Stacey Abrams's 'Fair Fight' going belly up?

As they sang in Evita, 'and the money kept rolling in and out.'

Which brings us to Stacey Abrams, whose legal group, known as "Fair Fight," has reported a $600,000 deficit and announced that it will lay off 75% of its staff, meaning, 20 people.

According to the Washington Post:

Fair Fight, the political and advocacy organization focused on voting rights that was started by Stacey Abrams, is restructuring and making significant layoffs to its staff, citing the financial toll of complex legal battles.

Fair Fight Action board chair Salena Jegede, in a statement to The Washington Post on Wednesday, blamed prolonged processes for two “vital” voting rights lawsuits and “a contraction in investment [that] has affected most civic actors in our space.”
 
“We had the moral obligation to field these suits on behalf of voters. However, due to the complex nature of litigation, the organization unfortunately faces a serious funding deficit that makes our current trajectory unsustainable,” Jegede added.

Best I can tell, the legal suit, or most recent one they've been involved with was picking a legal fight with True The Vote, which found evidence of fraudulent voter registrations possibly linked with Abrams's group, and then won its case handily last month. It's as if they didn't think the scrappy election integrity group would fight back.

They haven't just been picking legal fights with other groups, they've also been mired in legal issues of their own making.

As I wrote last month:

As for Abrams's group, we learned a lot about their game, too -- they've been accused of legal irregularities on all kinds of matters -- here's one on questionable big-dollar payments to cronies, another on general ethics issues, and another on fraudulent registration accusations brought by Georgia Secretary of State Brad Raffenberger. What makes them think they can get away with it is the racism card -- anyone who challenges what they are doing is hit by racism charges. If they can get away with that, they can do anything they like politically.

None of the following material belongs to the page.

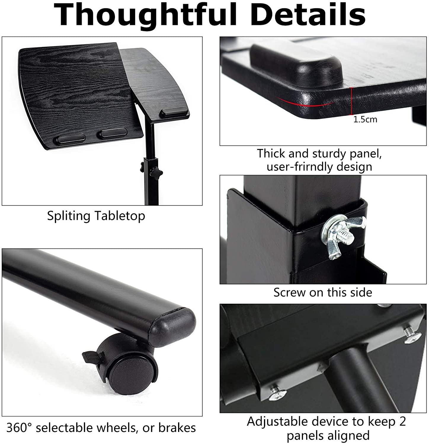 Easily adjust the height of this table from 65cm to 95cm, 360¡ã swivel and 180¡ã tilting of the splitting tabletop. Rolling Casters with locking mechanisms bring you much convenience and comfort.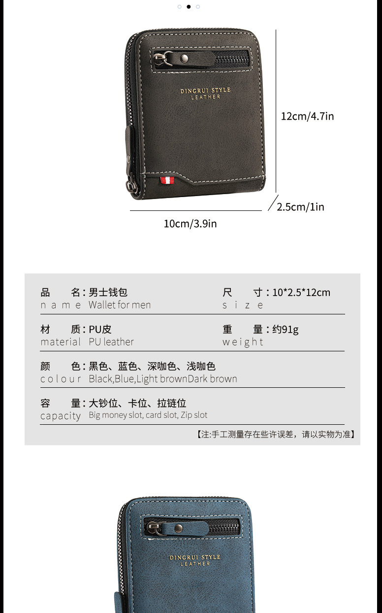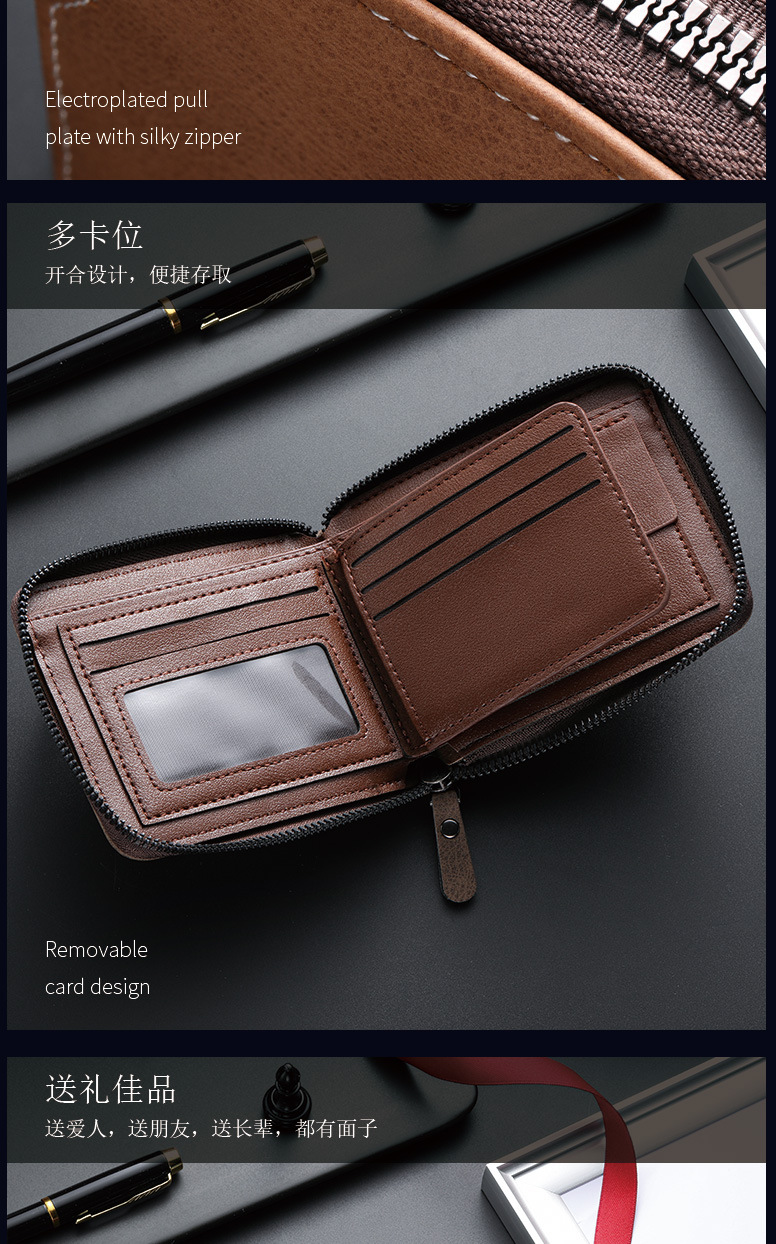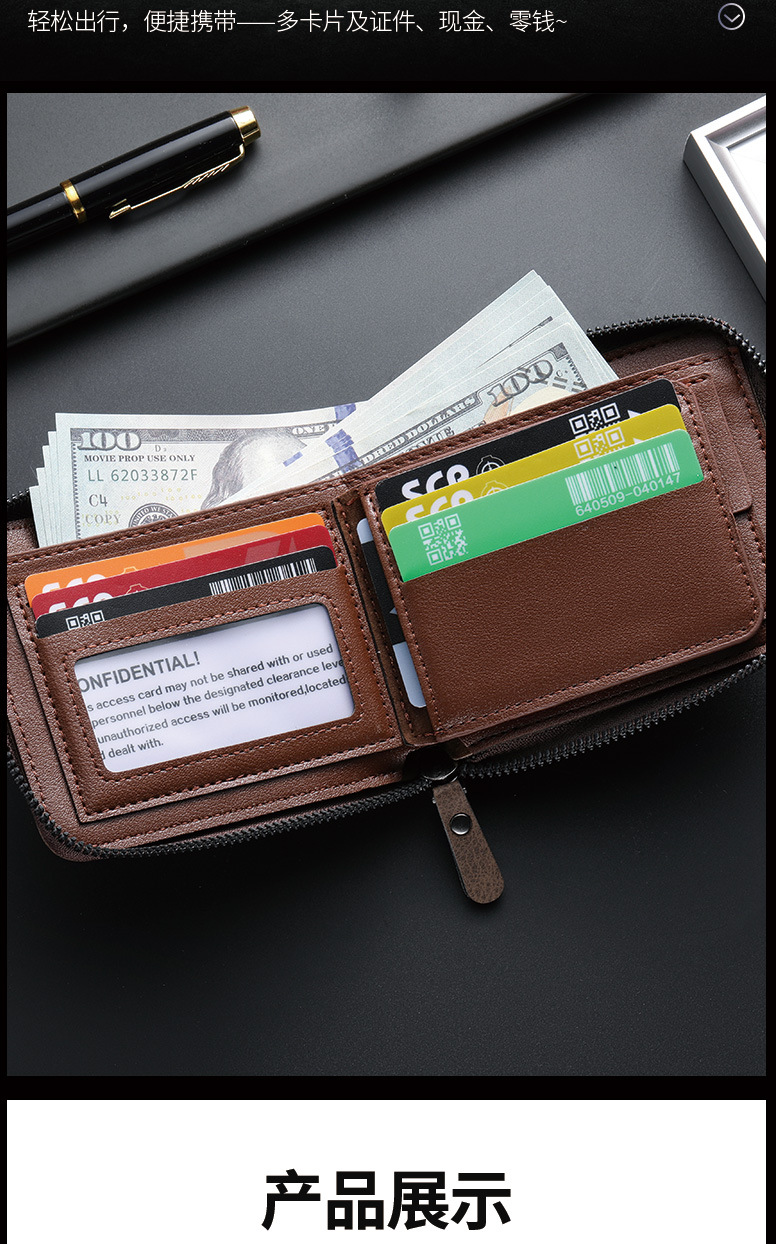 새로운 비즈니스 남성 짧은 지갑 멀티 카드 대용량 성격 지퍼 ID 가방 지갑 운반

Sound like the kind of group you'd want to donate money to? Apparently a lot of big-dollar donors on the left didn't based on the cash deficit seen in the group now.

It calls to mind that some pretty impressive money mismanagement has been going on with this group, which has now sacked its CEO and brought in an old hand to clean the finances up.

And with Abrams, that has been a pattern. 

Back in 2022, Thomas Lifson thought it remarkable that Abrams's personal record of debt, unpaid taxes, and bounced checks was drawing so little media attention.

While it is true that Abrams spearheaded a successful voter registration drive in Georgia, and that she has authored a series of romance novels under a pen name, she also has a checkered personal history when it comes to fiscal responsibility, having run up $170,000 in credit card debt and become a tax deadbeat to the tune of $54,000 owed to the IRS (which she paid off as preparation for running for governor again in 2022).

The personal pattern continues with her organization, and now it may be going the way of all such organizations where nobody can stay within budget or do double-entry bookkeeping.

Bounced checks? Now it's budget shortfalls and laid off staff.

There is likely more backstory to Abrams falling out of favor and failing to draw in more billionaire donations, but for now, the old spendathon pattern continues with Abrams at the helm. Once upon a time, Stacey Abrams was feted in the press as a towering giant over the cities, a Godzilla, of sorts. Now she's shriveling to nothing. Easy come, easy go.

Can you imagine what Georgia's finances would look like right about now had Abrams won her gubernatorial bid back in 2018? They'd look like Argentina after Evita.